Kura-Hotta M, Satoh K, Katoh S
Arch Biochem Biophys. 1986 Aug 15;249(1):1-7. doi: 10.1016/0003-9861(86)90553-9.
Photosystem II oxygen-evolving preparations with attached phycobilisomes were isolated from the thermophilic cyanobacterium Synechococcus sp. with beta-octylglucoside or digitonin. Fluorescence emission spectra of the two preparations determined at 77 K largely lacked a far red band which originates from photosystem I. The spectrum of the digitonin preparation was otherwise similar to that of intact cells, whereas the beta-octylglucoside preparation showed a pronounced band at 687 nm, which is considered to be emitted from phycobilisomes. The relative yield of phycobilin fluorescence was similar between the digitonin preparations and the cells but was considerably larger in the beta-octylglucoside preparations at room temperature. The quantum yield of ferricyanide photoreduction determined with light which is absorbed mainly by phycobiliproteins was 0.85 for the digitonin preparation and 0.57 for the beta-octylglucoside preparation. The results indicate that excitation energy is transferred from phycobilisomes to photosystem II reaction centers in the digitonin preparation as efficiently as in intact cells, while a significant portion of light energy harvested by phycobilisomes is not utilized by the primary photochemistry in the beta-octylglucoside preparation. Digitonin and beta-octylglucoside preparations had 65 and 48 chlorophyll a molecules per photosystem II reaction center, respectively. The beta-octylglucoside preparation contained twice as much phycocyanin and allophycocyanin per photosystem II reaction center as the digitonin preparation, which has a phycobiliprotein-to-photosystem II reaction center ratio very similar to that of cells. It is concluded that whereas the beta-octylglucoside preparation contains a considerable amount of free phycobilisomes, all phycobilisomes present in the digitonin preparation are physically and functionally linked to photosystem II reaction center complexes.

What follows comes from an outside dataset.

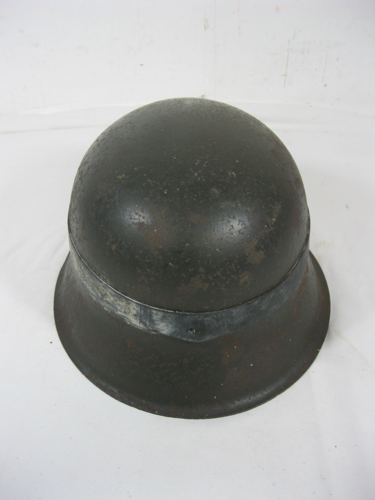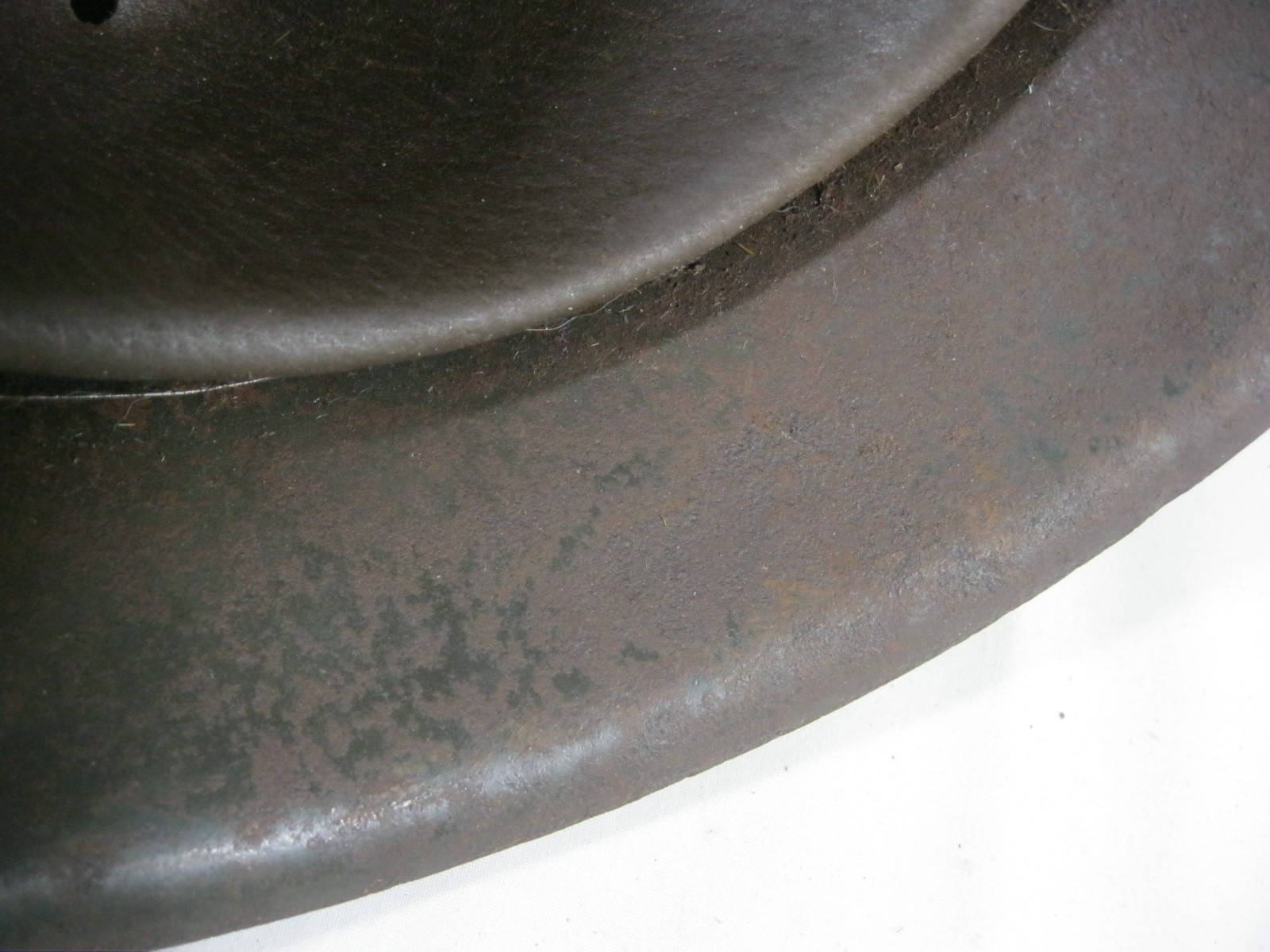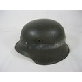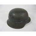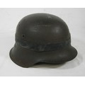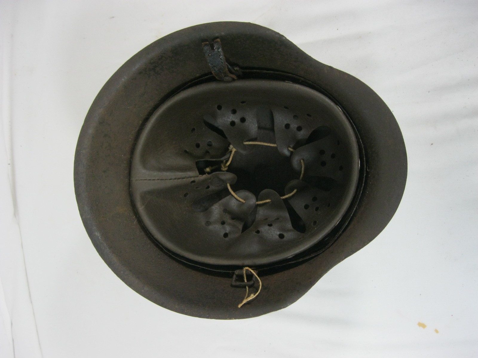 A WW2 German M1942 Helmet with liner. Vendor advises it was picked up near Caen in Normandy by the original postwar owner who passed away in 2005. Fitted with rubber camouflage strap. Light rust to finish. Period manufacturer's stamps under rear skirt partially obscured by surface rust but appear correct style. We believe this to be a genuine WW2 German helmet but as always buyers are reminded that it is their responsibility to satisfy themselves as to originality.
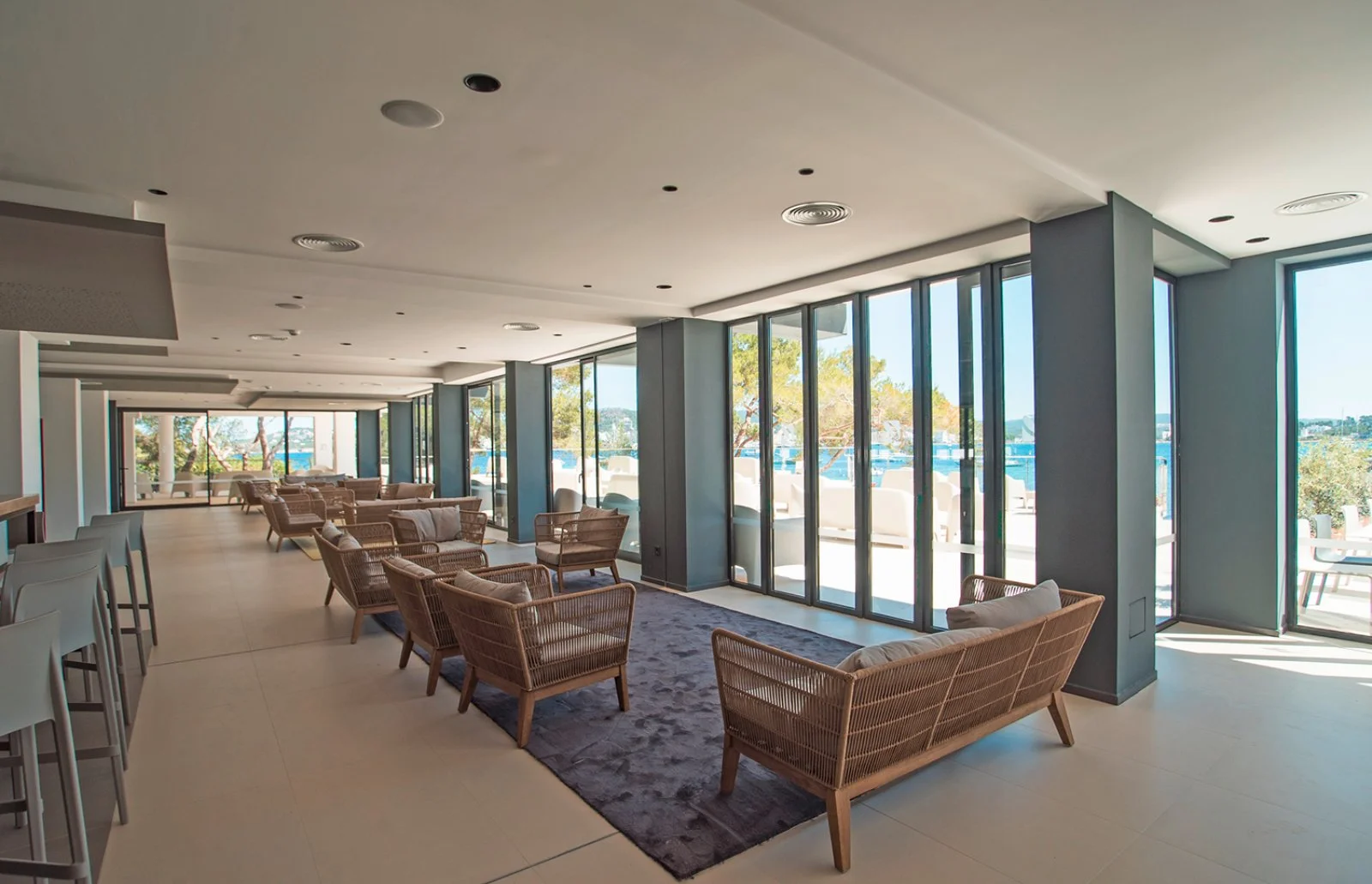 Il complesso, in stile moderno e minimalista, offre un ambiente elegante e un'atmosfera allo stesso tempo rilassata. Sorge nella baia di San Antonio a pochi chilometri dall’omonimo centro, rinomato per essere uno dei luoghi più animati dell’isola grazie alla presenza di numerosi negozi, bar, ristoranti, discoteche e famosi locali dai quali, al calar della sera, si possono ammirare splendidi tramonti.

用β-辛基葡糖苷或洋地黄皂苷从嗜热蓝藻集胞藻属中分离出附着有藻胆体的光系统II放氧制剂。在77K下测定的两种制剂的荧光发射光谱在很大程度上缺乏源自光系统I的远红带。洋地黄皂苷制剂的光谱在其他方面与完整细胞的光谱相似,而β-辛基葡糖苷制剂在687nm处显示出明显的带,这被认为是由藻胆体发出的。洋地黄皂苷制剂和细胞之间藻胆蛋白荧光的相对产率相似,但在室温下β-辛基葡糖苷制剂中的相对产率要大得多。用主要被藻胆蛋白吸收的光测定的铁氰化物光还原量子产率,洋地黄皂苷制剂为0.85,β-辛基葡糖苷制剂为0.57。结果表明,在洋地黄皂苷制剂中,激发能从藻胆体转移到光系统II反应中心的效率与在完整细胞中一样高,而在β-辛基葡糖苷制剂中,藻胆体收集的大部分光能未被初级光化学利用。洋地黄皂苷制剂和β-辛基葡糖苷制剂每个光系统II反应中心分别含有65和48个叶绿素a分子。β-辛基葡糖苷制剂每个光系统II反应中心所含的藻蓝蛋白和别藻蓝蛋白是洋地黄皂苷制剂的两倍,洋地黄皂苷制剂的藻胆蛋白与光系统II反应中心的比例与细胞非常相似。得出的结论是,β-辛基葡糖苷制剂含有大量游离藻胆体,而洋地黄皂苷制剂中存在的所有藻胆体在物理和功能上都与光系统II反应中心复合物相连。